Chris en ik leerden elkaar kennen toen we alletwee iets nieuws gingen doen. Ze was net begonnen als redacteur bij Van Gennep. Ik was haar eerste auteur, zij mijn eerste redacteur. Inmidels is zij drie uitgeverijen verder en ik tien boeken, en die vriendschap staat als een huis. Onze vriendschap is ook altijd doordesemd geweest van politiek en debat. En van inclusief denken, want daar is Chris een meester in.

Amnesty: unsubscribe me

Amnesty International heeft een campagne opgezet tegen de war on terror: ‘unsubscribe’ oftewel: ik wil hier niet aan meedoen, dit steun ik niet.

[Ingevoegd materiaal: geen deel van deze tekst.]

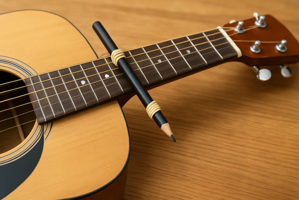 たとえば、旅行先や野外演奏でカポを忘れたときでも、身近な道具で即座に対応できる柔軟性は、ギタリストとしての経験値を高めてくれます。

Om de campagne kracht bij te zetten brengt Amnesty drie korte films uit, waarin ondervragingsmethodes die volgens de CIA geen marteling zijn, in beeld worden gebracht. In het eerste filmpje staat iemand vrijwillig zes uur lang in een moeilijke pose. Zijn getril, gekreun, gebibber, gehuil en zijn spanning zijn echt. ‘Stel je voor,’ zegt Amnesty, ‘dat dit je onvrijwillig overkomt? Nadat je bent ontvoerd en gevangen gezet? Is dit echt geen marteling? Ondersteun je dit, of wil je unsubscriben?’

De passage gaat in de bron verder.